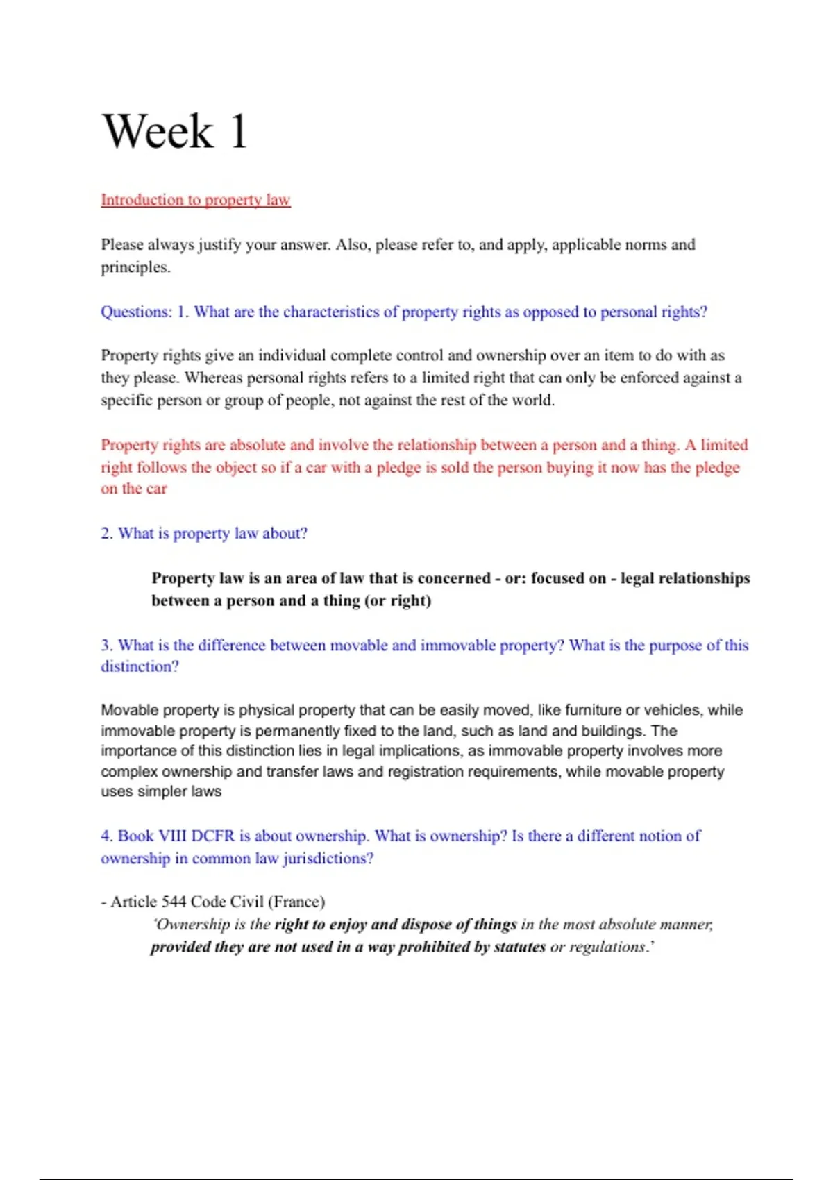 Questions: 1. What are the characteristics of property rights as opposed to personal rights?
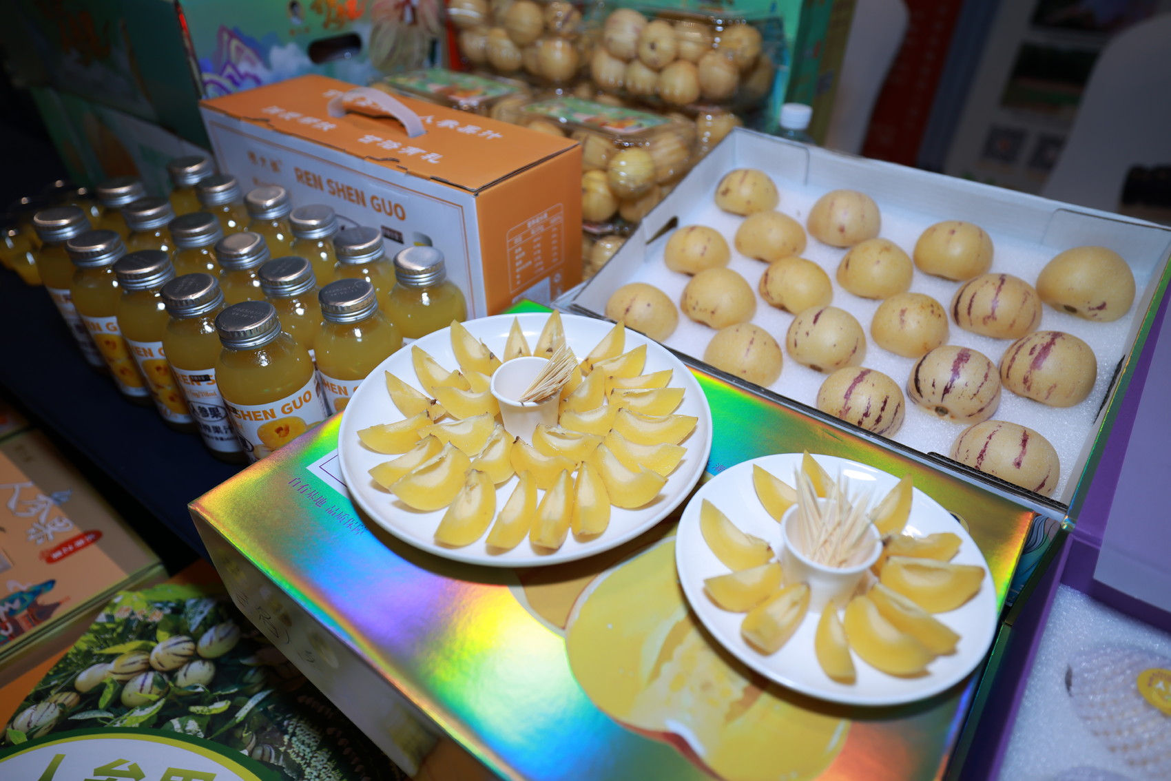 会场展区,摆放着托底性帮扶合作项目各式产品 省工商联供图
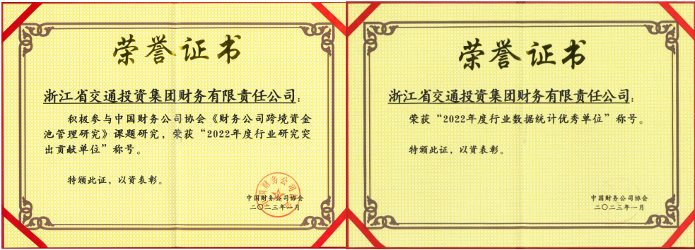 近日,浙江交投财务公司获得中国财务公司协会的多项表扬及表彰,被评为2022年度行业研究突出贡
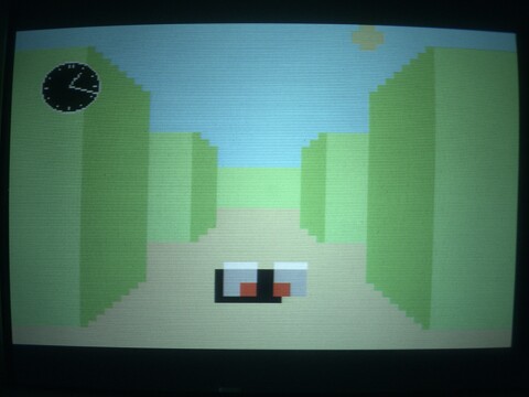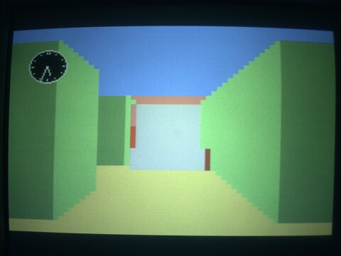 Iriegas for MSX is a 3D maze escape type game. You hear a constant humming sound as you play, and it increases in speed as you get closer to something, an enemy, I believe, but I haven't been able to ascertain that it couldn't be something else. The sun is visible and it can get dark. There are night-vision goggles in the first level (don't know if they are available elsewhere or not). You can escape the maze and go on to the next.
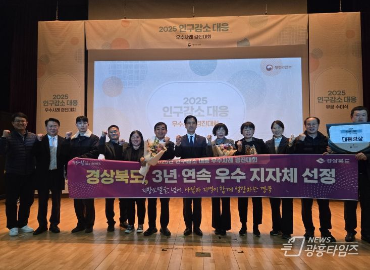 [광흥타임즈 = 조수제 기자] 경상북도가 행정안전부 주관 ‘2025년 인구감소대응 우수사례 경진대회’에서 지역 기반 이민정책으로 대통령상을 받으며, 3년 연속 인구 감소 대응 우수기관으로 선정됐다.
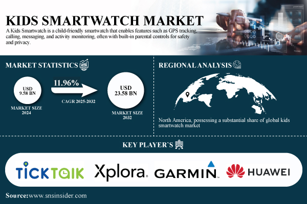 According to the SNS Insider,“The Kids Smartwatch Market Size was valued at USD 9.58 billion in 2024 and is expected to reach USD 23.58 billion by 2032 and grow at a CAGR of 11.96% over 2025-2032.”
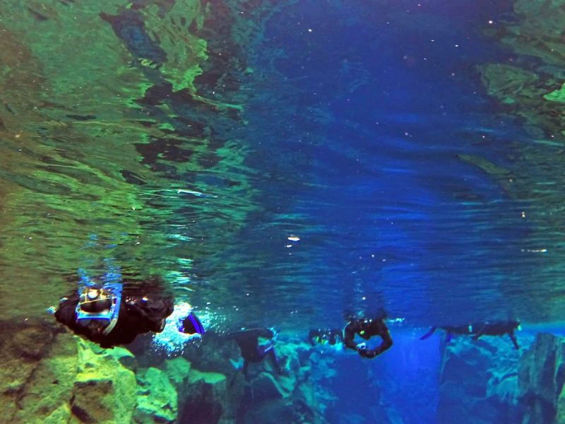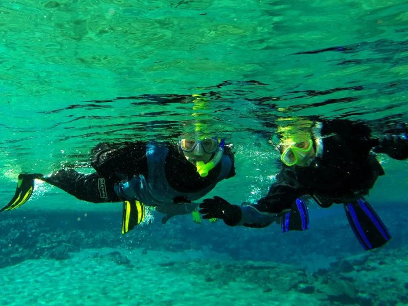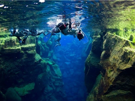 Je twijfelt even maar dan spring je er toch in. Het water tussen de twee continentale platen van Thingvellir Nationaal Park is het hele jaar door rond de 4 graden, maar in je thermopak kun je je ontspannen laten meedrijven met de stroming. In het kristalheldere water kijk je soms wel honderd meter ver naar golvende groene algen en goudgele rotsen. Vaak is een extra overnachting nodig als je voor deze excursie kiest.
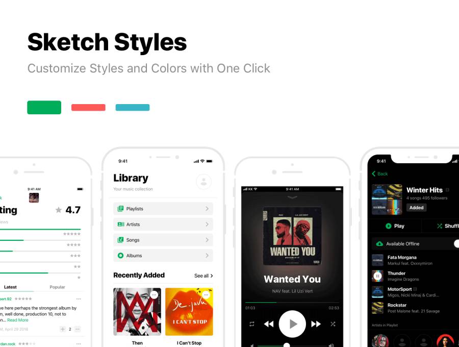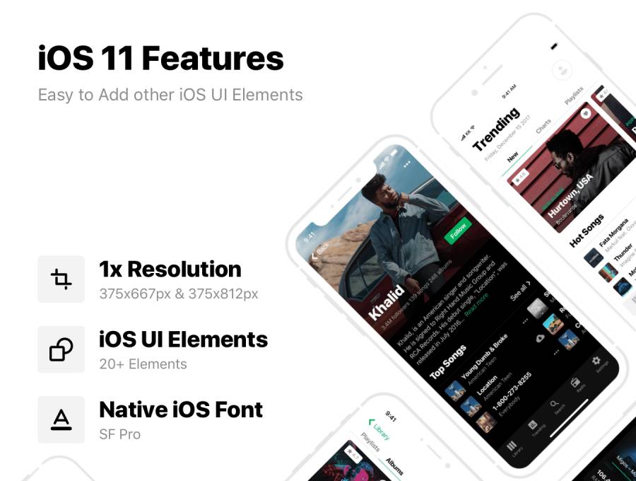 Heavy UI Kit是基于iOS 11的大量布局。音乐是此套装的一个类别。所有组件都经过精心设计,并且可以在Sketch中轻松自定义。该套件包含39个屏幕,UI元素,样式和排版。该套件包含两种屏幕尺寸,iPhone X和iPhone 8以及UI Kit的Light&Dark版本。
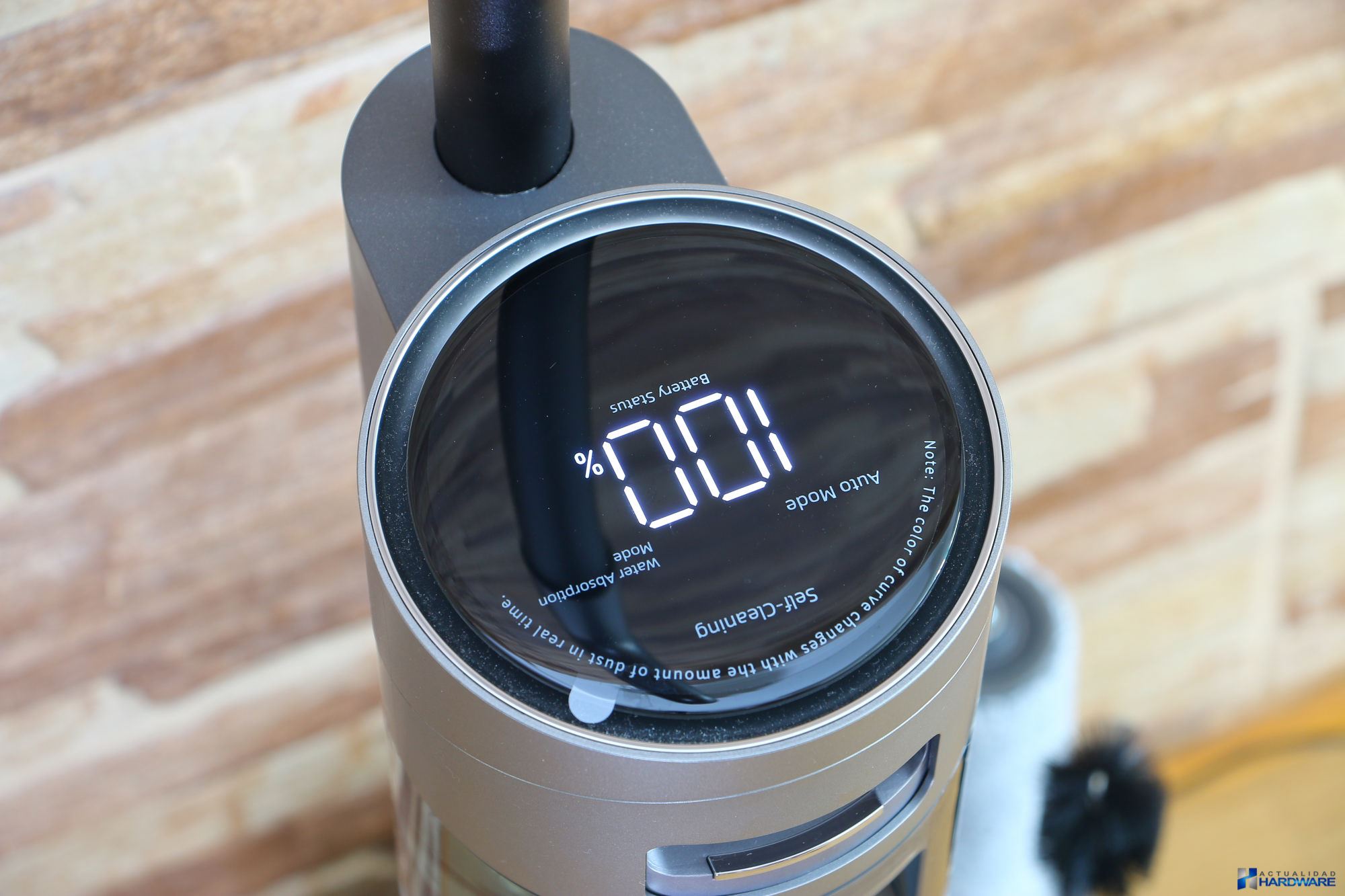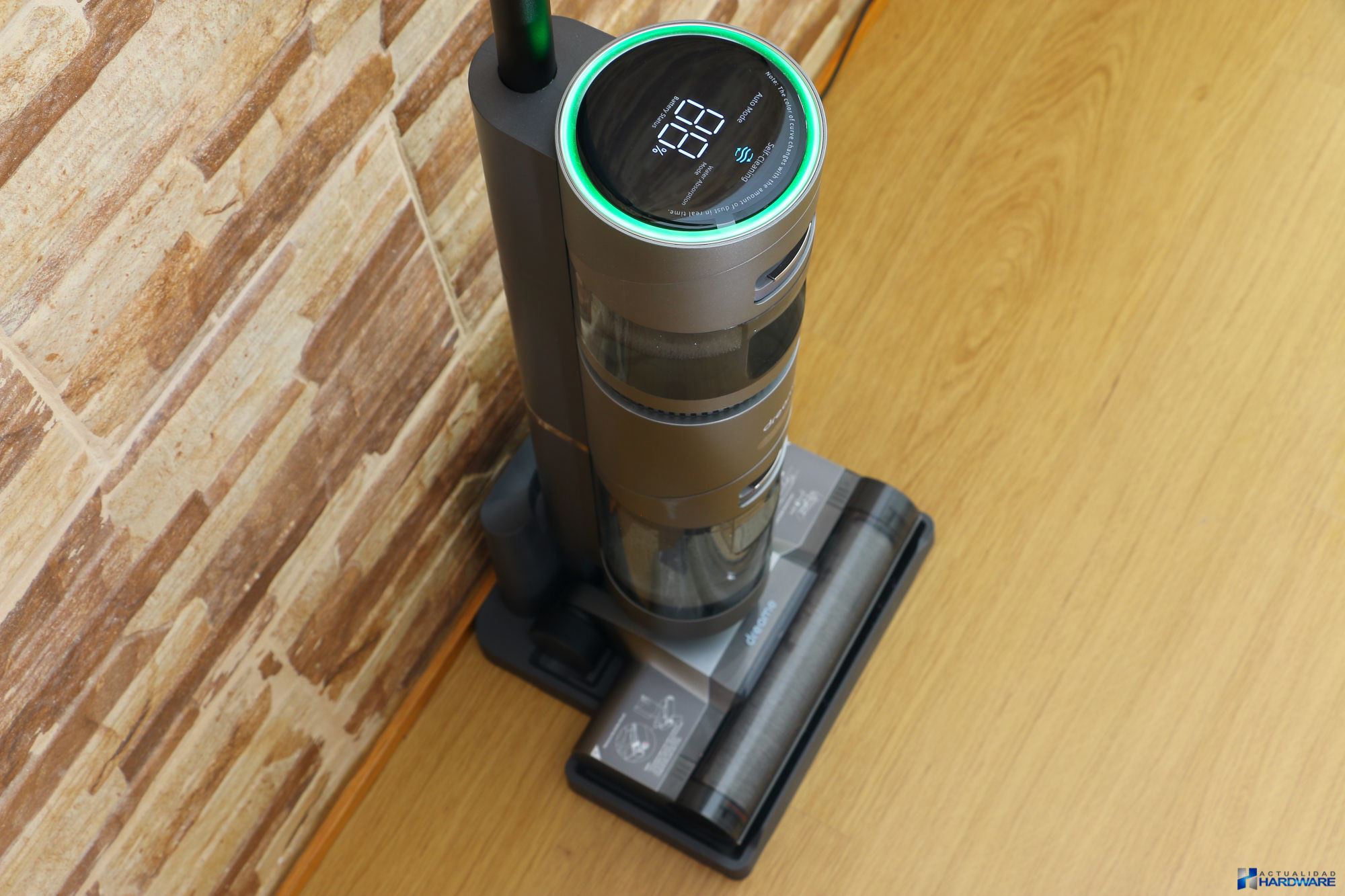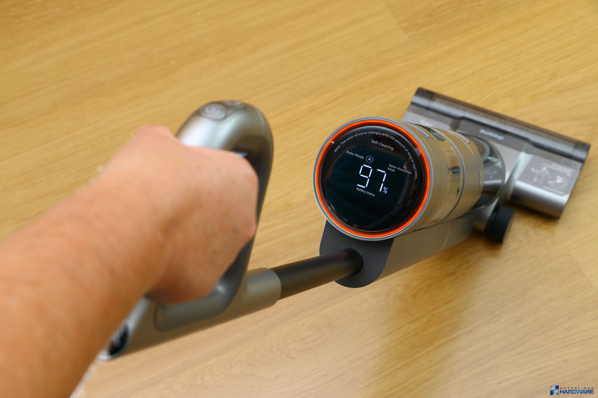 | La potencia de succión que nos ha brindado su potente motor ha sido muy buena permitiendo aspirar desde pequeños restos de polvo y comida -grano y cereales de diferentes tamaños- hasta líquidos derramados, todo ello de una manera fácil y cómoda. Lo hemos utilizado en diferentes situaciones como han sido aspirado y limpieza de suelo tanto en tarima flotante como en porcelánico, obteniendo un gran resultado. La pantalla HD a color que incluye nos ha gustado tanto en calidad de imagen como en la información que nos muestra, como es el porcentaje de batería restante, modos de limpieza o nivel de suciedad detectado, entre otros. Cuenta con tres botones en su mango como son: botón de encendido/apagado, botón de absorción de agua y botón de autolimpieza. Comentar que gracias a empuje producido al girar el rodillo, la aspiradora camina sola hacia delante, facilitando de este modo la utilización de la misma sin esfuerzo. El fabricante recomienda utilizar solamente líquido de limpieza de su marca pero nosotros para testearla hemos utilizado limpia suelos pero eso si unas pequeñas gotas ya que si abusamos en exceso podrían llegar a obstruirse los conductos, más que suficiente teniendo en cuenta el tamaño del depósito de agua que incorpora. El nivel de agua que proporciona es perfecto ya que únicamente vierte una pequeña película de agua suficiente para limpiar el suelo, no dejándolo por tanto empapado, cuestión importante si tenemos en casa tarima flotante. | ||||||||

____________

For this exercise, output only the lines from the one bearing "Heavy UI Kit是基于iOS" to the end of the material above, exactly as written, with pictures left out.

» **FINISHED EXERCISE**:
 Heavy UI Kit是基于iOS 11的大量布局。音乐是此套装的一个类别。所有组件都经过精心设计,并且可以在Sketch中轻松自定义。该套件包含39个屏幕,UI元素,样式和排版。该套件包含两种屏幕尺寸,iPhone X和iPhone 8以及UI Kit的Light&Dark版本。
 | La potencia de succión que nos ha brindado su potente motor ha sido muy buena permitiendo aspirar desde pequeños restos de polvo y comida -grano y cereales de diferentes tamaños- hasta líquidos derramados, todo ello de una manera fácil y cómoda. Lo hemos utilizado en diferentes situaciones como han sido aspirado y limpieza de suelo tanto en tarima flotante como en porcelánico, obteniendo un gran resultado. La pantalla HD a color que incluye nos ha gustado tanto en calidad de imagen como en la información que nos muestra, como es el porcentaje de batería restante, modos de limpieza o nivel de suciedad detectado, entre otros. Cuenta con tres botones en su mango como son: botón de encendido/apagado, botón de absorción de agua y botón de autolimpieza. Comentar que gracias a empuje producido al girar el rodillo, la aspiradora camina sola hacia delante, facilitando de este modo la utilización de la misma sin esfuerzo. El fabricante recomienda utilizar solamente líquido de limpieza de su marca pero nosotros para testearla hemos utilizado limpia suelos pero eso si unas pequeñas gotas ya que si abusamos en exceso podrían llegar a obstruirse los conductos, más que suficiente teniendo en cuenta el tamaño del depósito de agua que incorpora. El nivel de agua que proporciona es perfecto ya que únicamente vierte una pequeña película de agua suficiente para limpiar el suelo, no dejándolo por tanto empapado, cuestión importante si tenemos en casa tarima flotante. | ||||||||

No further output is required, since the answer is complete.